The tank has given me an avenue to do that. Can you just tell us, like, how did this moment
come about? Like, how did he decide to get on the radio and spill out his feelings like this?
This is just, yeah, this is such an extraordinary clip. This was from the night before he was
scheduled to be executed when the warden decided to let him have a church service out in the outdoor rec area. And, you
know, he spoke for 10 minutes to the other prisoners who were there. And he just, you know,
bears his soul. And it's such an extraordinary moment, in part, because it's a prisoner speaking
to other prisoners. Like this
is how they talk to each other. He's not doing this with the expectation that the rest of the
world would be listening. But, you know, they recorded it and then played it later on the tank.

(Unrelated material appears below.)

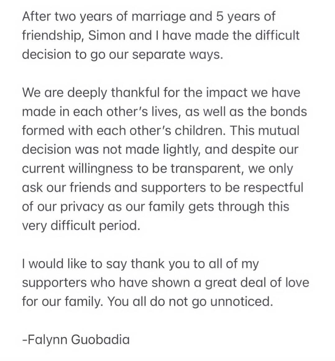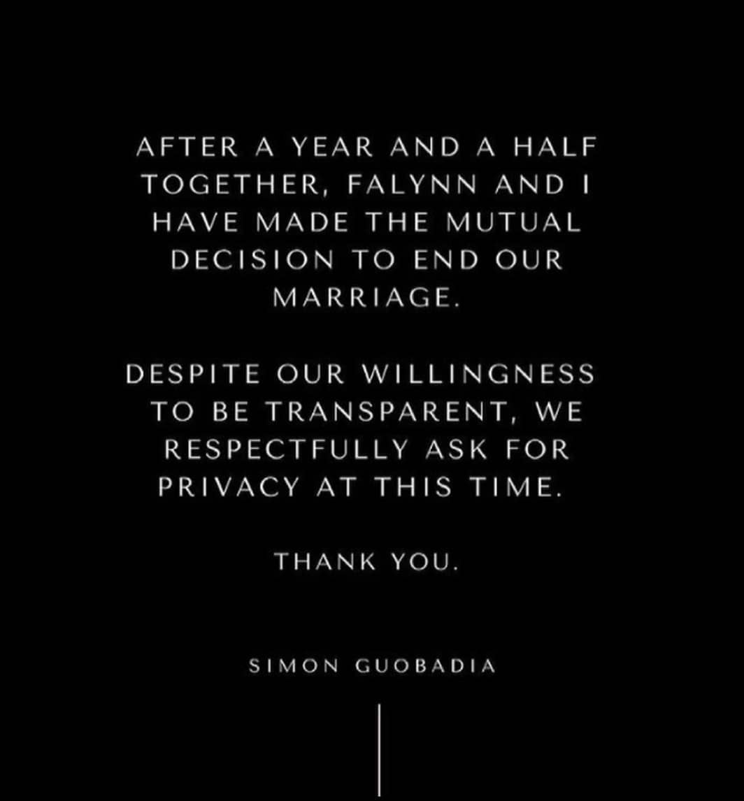Moments ago, newcomer Falynn Guobadia announced that she and her husband Simon Guobadia are ending their marriage of two years. They’ve been together for a total of five years.

And then after I visited the radio station, they sent me this clip and I was just blown away.
And how did the other prisoners react to Ramirez's remarks? Do you know?

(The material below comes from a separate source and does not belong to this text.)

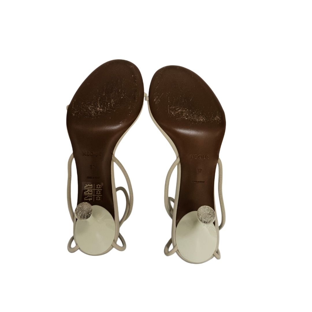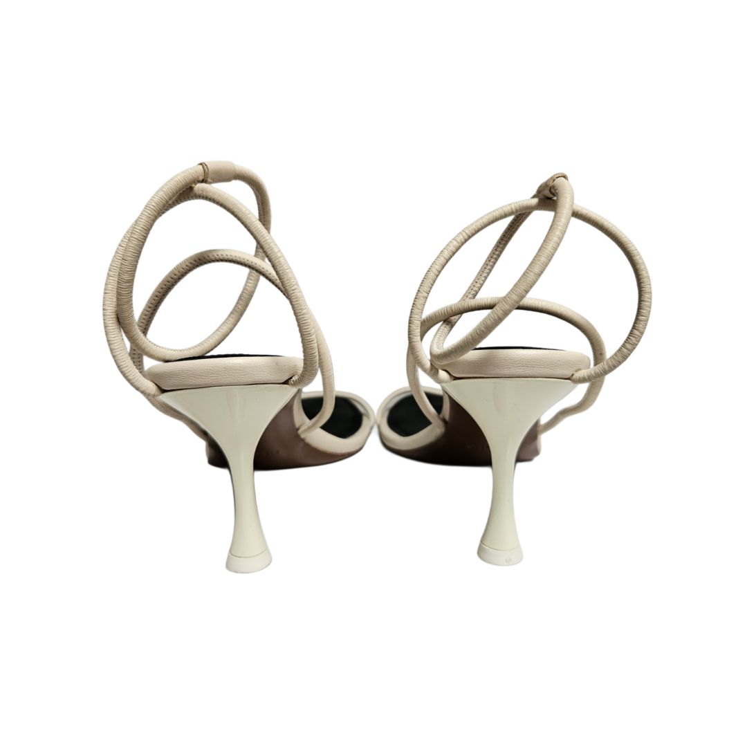 Neous Nenque Cream/ Black Leather Ankle Strap Detail Sandals

Yeah. In the beginning of that, you can hear them clapping some.
And then as he keeps speaking, they just fall silent.
And I can only imagine that they were as moved by this as I am.
I mean, that's just a piece of the clip.
The whole speech is about 10 minutes, and it's all really extraordinary.
Well, I know that you had a chance to talk to Ramirez for a little bit. What did he say about what this station has meant to him during his time on death row?
I think he sort of starts to get at it in that little clip that you're hearing.
But it seems like a lot of this is his way of leaving behind something good in the world.
He talks about the wrongs he's done and things he regrets in the past.
And there's so little that you can do that you can leave behind so few changes you can make to the world from inside a solitary confinement cell. And like he said at one point, you know, all that he can leave you is his words. And he's done that. You have this other quote from another inmate there who was writing to you about the
station. And he says, in part, what draws him to the tank is that, quote, this is inmate run for
inmates. Can you talk about why that is so important? Inmate run for inmates? Yeah, I think
in some ways that sort of creates a safe space almost. When you know that you have this very specific experience that most of the world will really judge you for,
but your audience is mostly people who deeply understand that.
I understand that you were incarcerated yourself for just under two years for heroin possession. What would it have been like
while you were in prison to have something like the tank be the source of connection with other
people who are also incarcerated? What would that have meant to you? I was fortunate that where I
was in prison, we weren't spending, you know, months or years in solitary confinement. So
we already had a little more access to community. But I think that this also gets at something else, you know, the sort of idea that we're all there
because we know we've, you know, we've done something wrong. And this is a way to leave
a positive mark, sort of like exactly what John Ramirez says. And I feel like this is now
what I do every day in my journalism.
Well, thank you for your work and for this incredible reporting on this radio station.
That is Carrie Blakinger, a journalist who has covered Texas prisons for years
and who wrote about the tank for the Marshall Project and The Guardian.
Thank you very much for being with us.
Thank you for having me.
It's Consider This from NPR. I'm Elsa Chang.